Labour has had a disastrous local election night for three very simple reasons. The first is that four years into the parliament Labour has utterly failed to establish itself as a credible government in its own right. In fact, it hasn’t even tried. It’s simply attempted to claim a vote for Labour was a way of protesting against the nasty, evil, posh, out-of touch Tories and their Lib Dem quislings. And so the voters have said, “Well, if it’s all about casting a protest vote, I’m going with the experts. Hello Mr Farage.”
The second reason is Ed Miliband. Ed Miliband has not had a bad campaign. He’s had Ed Miliband’s campaign. This is who Ed Miliband is, and what he does. He loses elections for the Labour party. If there are people in Labour’s ranks still clinging to the fiction their leader will somehow “come good”, or “confound his critics”, fine. But they have to stop expecting the British voters to buy into it.

The third reason is this. Labour didn’t lose the local elections last night. They lost them four years ago. More specifically, they lost them when they fell into the belief that the 2010 general election was an aberration. As I’ve written countless times before, Labour thought they simply had to sit tight and the voters would come rushing to them, begging forgiveness. But they haven’t. They’ve ambled up to Nigel Farage and said “fancy a swift pint”?

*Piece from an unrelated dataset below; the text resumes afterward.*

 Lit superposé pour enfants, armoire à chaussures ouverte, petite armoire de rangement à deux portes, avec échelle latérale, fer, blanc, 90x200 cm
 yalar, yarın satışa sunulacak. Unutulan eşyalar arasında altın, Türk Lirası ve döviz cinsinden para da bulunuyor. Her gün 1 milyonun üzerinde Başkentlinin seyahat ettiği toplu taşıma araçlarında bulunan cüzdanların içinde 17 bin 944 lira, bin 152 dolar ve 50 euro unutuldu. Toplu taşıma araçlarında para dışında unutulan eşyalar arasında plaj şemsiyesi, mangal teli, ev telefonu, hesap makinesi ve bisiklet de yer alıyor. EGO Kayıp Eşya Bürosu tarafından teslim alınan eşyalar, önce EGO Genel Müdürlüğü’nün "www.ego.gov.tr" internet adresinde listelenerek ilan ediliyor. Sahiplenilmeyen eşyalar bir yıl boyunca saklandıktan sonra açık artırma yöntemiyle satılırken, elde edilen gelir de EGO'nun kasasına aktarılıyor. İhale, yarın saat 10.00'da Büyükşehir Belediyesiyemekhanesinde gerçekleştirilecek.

Up until now Labour has been pursuing a catastrophic 35 per cent strategy. Now it’s about to start to pursue an even more catastrophic 29 per cent strategy. That initial 35 per cent was made up of two distinct blocks – a 29 per cent “core vote” and a 6 per cent “Lib Dem switcher vote”. In the days that follow, as Labour begins to chase after the Ukip vote, an internal fight will break out over how to secure that 29 per cent. The Left will say “ape the elements of Ukip’s Left-wing agenda”. The Right will say “ape the Right-wing elements”. And Nick Clegg – remember him? – will start to whisper “see, we told you. We’re the only party who’s really prepared to stand up to Ukip’s nasty nationalism”. And those whispers will resonate.

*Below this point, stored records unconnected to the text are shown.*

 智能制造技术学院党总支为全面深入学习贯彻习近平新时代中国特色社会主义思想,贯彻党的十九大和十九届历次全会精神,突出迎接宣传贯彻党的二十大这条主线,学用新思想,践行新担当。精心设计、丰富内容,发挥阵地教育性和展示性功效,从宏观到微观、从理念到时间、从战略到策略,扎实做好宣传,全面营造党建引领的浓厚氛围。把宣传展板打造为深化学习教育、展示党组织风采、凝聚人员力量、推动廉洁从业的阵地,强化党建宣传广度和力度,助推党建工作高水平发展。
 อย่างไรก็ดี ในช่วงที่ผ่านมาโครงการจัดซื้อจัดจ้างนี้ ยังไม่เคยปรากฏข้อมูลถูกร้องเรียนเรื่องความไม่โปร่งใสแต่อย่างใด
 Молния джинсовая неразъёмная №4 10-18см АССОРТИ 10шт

Here is the staggering irony. These were supposed to be the elections that saw the Tory party either splintering in the face of the Ukip threat, or lurching after it in a desperate attempt to neutralise the impact. But it’s the Labour Party that is set to enter headless Farage mode.

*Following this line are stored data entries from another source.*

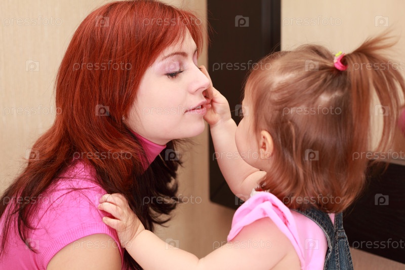 Мать нежно позволяет ребенку прикоснуться к ее лицу
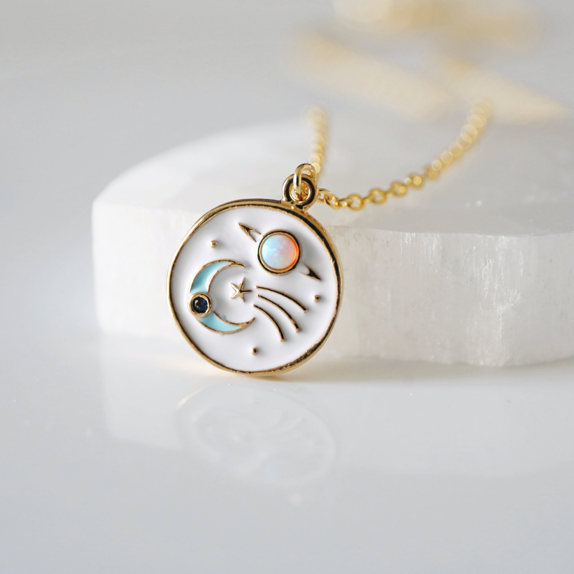 Celestial Necklace, Moon and Star Necklace, Planet Opal Necklace, Universe Jewelry, Spiritual Jewelry, Gift for Her, Minimalist Jewelry
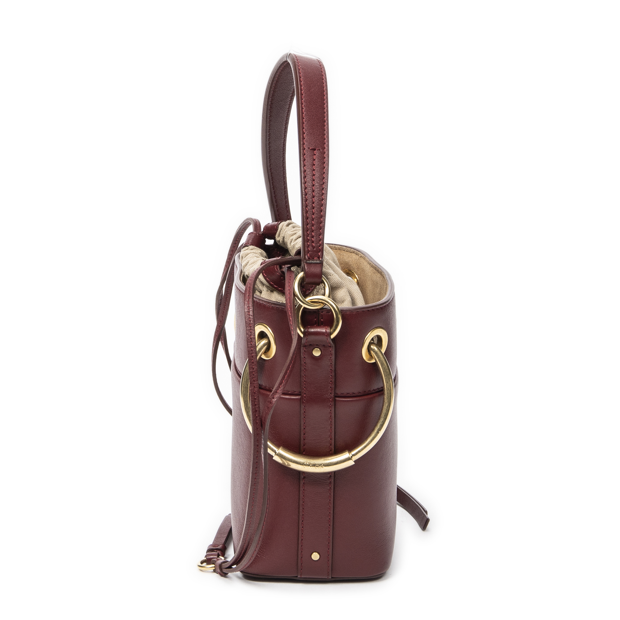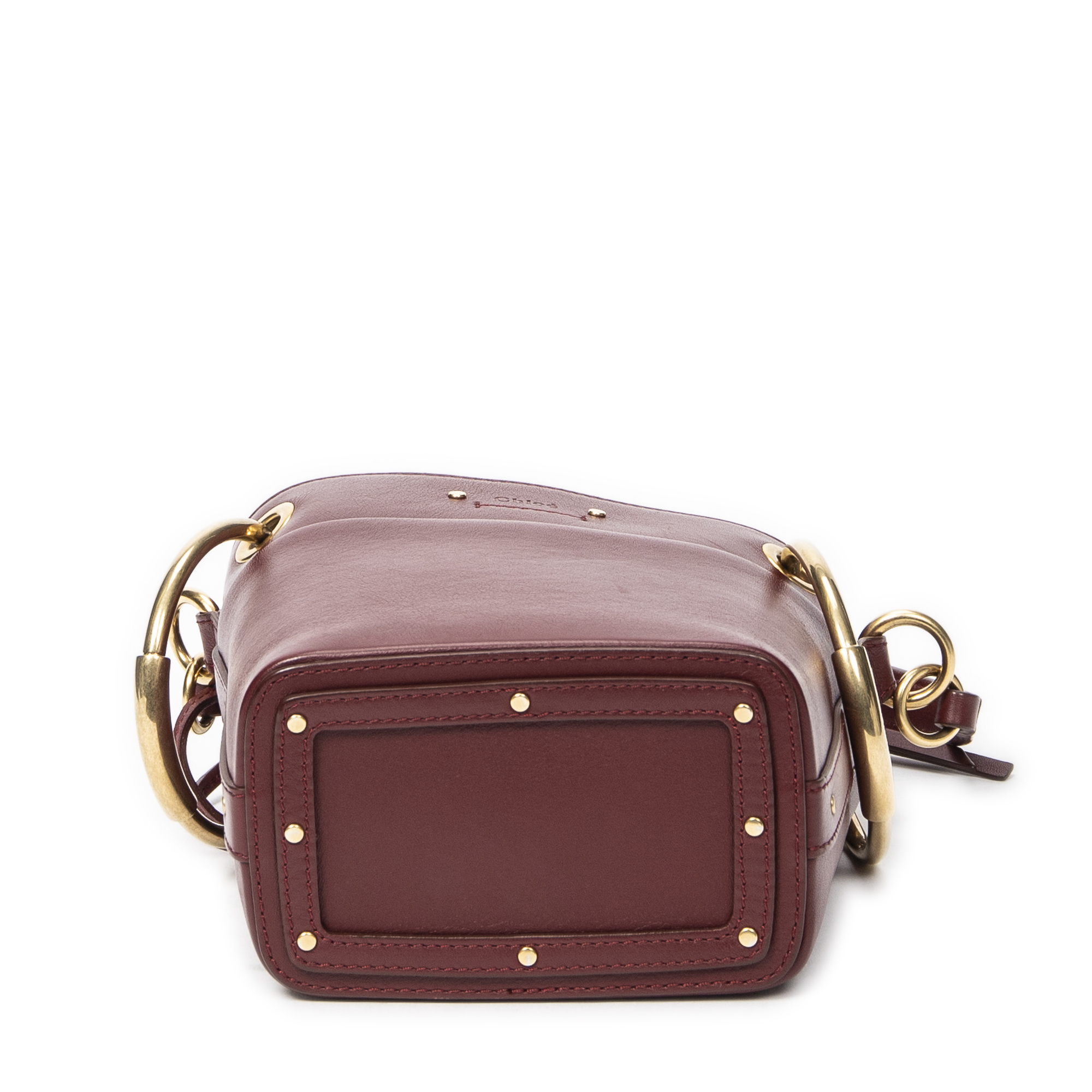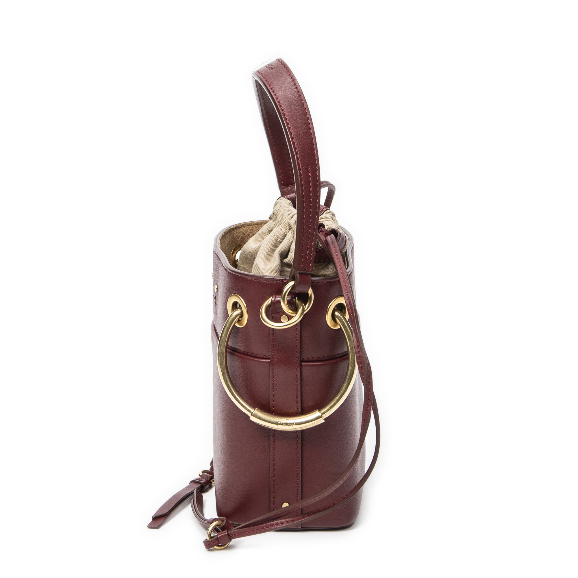 Chloé Sac à bandoulière Mini Roy Bucket en Du cuir de veau Bourgogne et Gold. Le produit est en Excellent état (A).
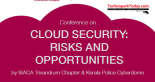TechnoparkToday.com: ISACA Trivandrum Chapter is conducting a one day conference on Cloud Security – Risk and Opportunities on 4th November 2017, at Hotel Hycinth, Trivandrum. 70 percent of the world’s businesses at least in part now, operate on the cloud according to Cloud Security Alliance(CSA). Cloud offers benefits like lower capex, lower opex, higher flexibility and ease of manageability, which …
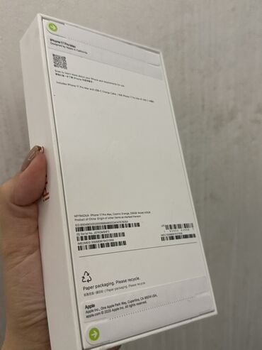 Qeyd: Şəkillərdə qutunun arxasında göstərilən məlumatlar rəsmi etiketlərdən götürülüb; cihaz rəngi Cosmic Orange və yaddaş həcmi 256 GB olaraq qeyd olunub.
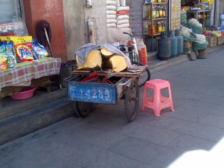 Satui de Lhasa, ne-am coborat bagajele nerabdatori sa plecam insa am dat de prima piedica. Acum cateva zile, chiar dupa ce am ajuns, s-a spart aplica din tavan in baia camarazilor. Au tot anuntat la receptie, au venit, n-au venit, iar au venit dar in final nu se rezolvase nimic. Acum fata care face curatenie a raportat problema si cei de la receptie au pretins ca trebuie platita sticla…50 yuani (8 usd si ceva). S-a produs agitatie acolo, au venit mai multi angajati sa participe la neintelegerea in grup. Intr-un tarziu a venit si managerul care statea cu sticla in mana si se mira scotand sunete guturale…stiti voi cum fac asiaticii.
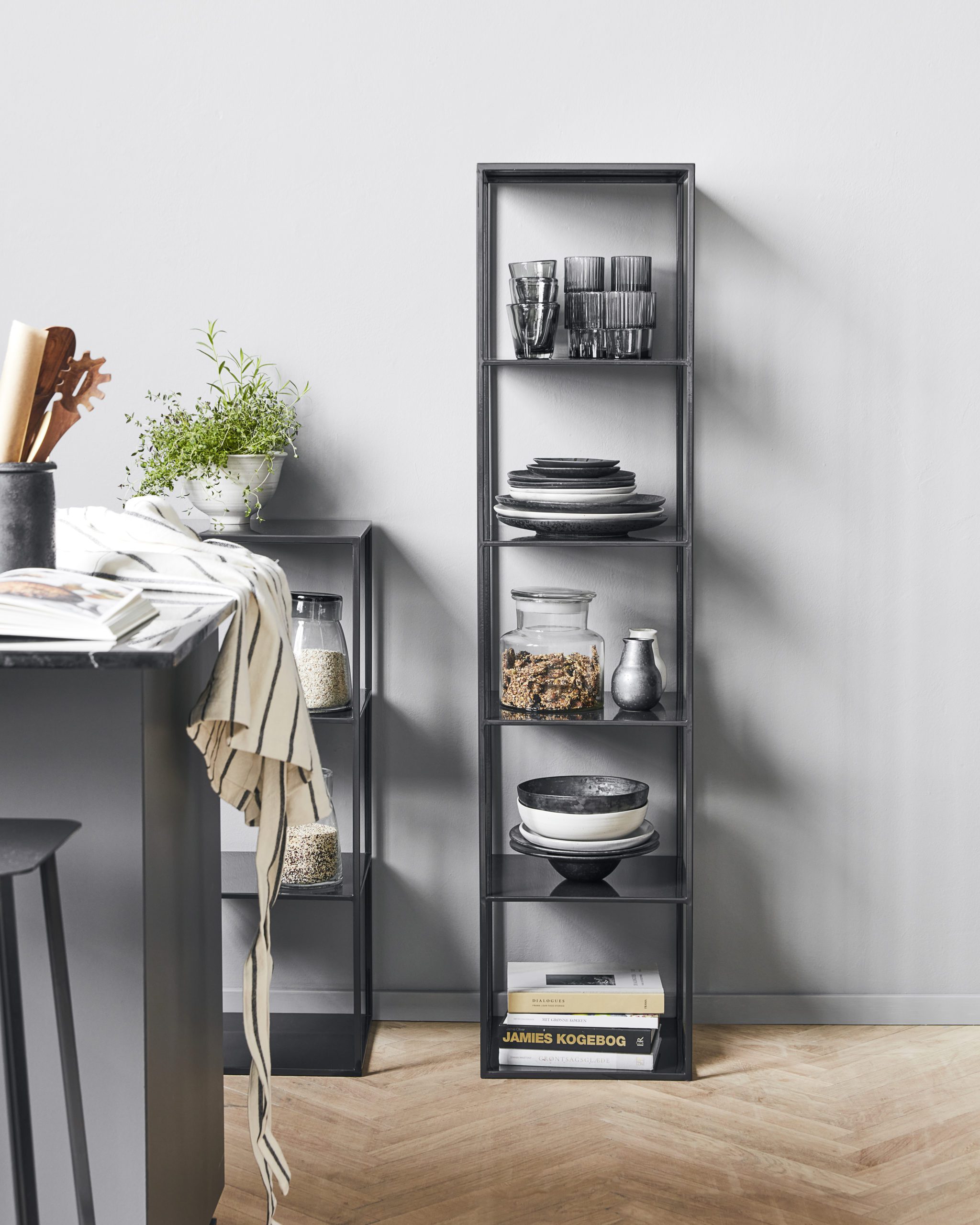 Deze strakke wandkast van House Doctor is geheel gemaakt van ijzer wat hem een stoere industriële uitstraling geeft. Door zijn dunne profiel draagt deze, ondanks zijn robuuste zwarte kleur, op subtiele wijze bij aan bijvoorbeeld je karaktervolle keuken of woonkamer. Zo worden de simpelstje producten die zich op één van de verdiepingen bevinden, zoals een fles wijn of een leuk opbergdoosje, volledig in het zonnetje gezet.

And there’s one final irony. The Ukip threat doesn’t exist. It’s over. Farage’s race is run. There will be lots of excitement. Lots of talk of revolutions and earthquakes. And then people’s thoughts will turn away from registering a protest to electing a government.

But no one in Labour’s ranks wants to listen to that at the moment. The great “Ukip panic” is already under way. So the troops will run. And the front will fold. And Miliband will fall.

Then someone will look around the battleground and say “hang on a minute. Where’s that Nigel Farage?” But Farage will be a long, long way away. And he’ll be laughing.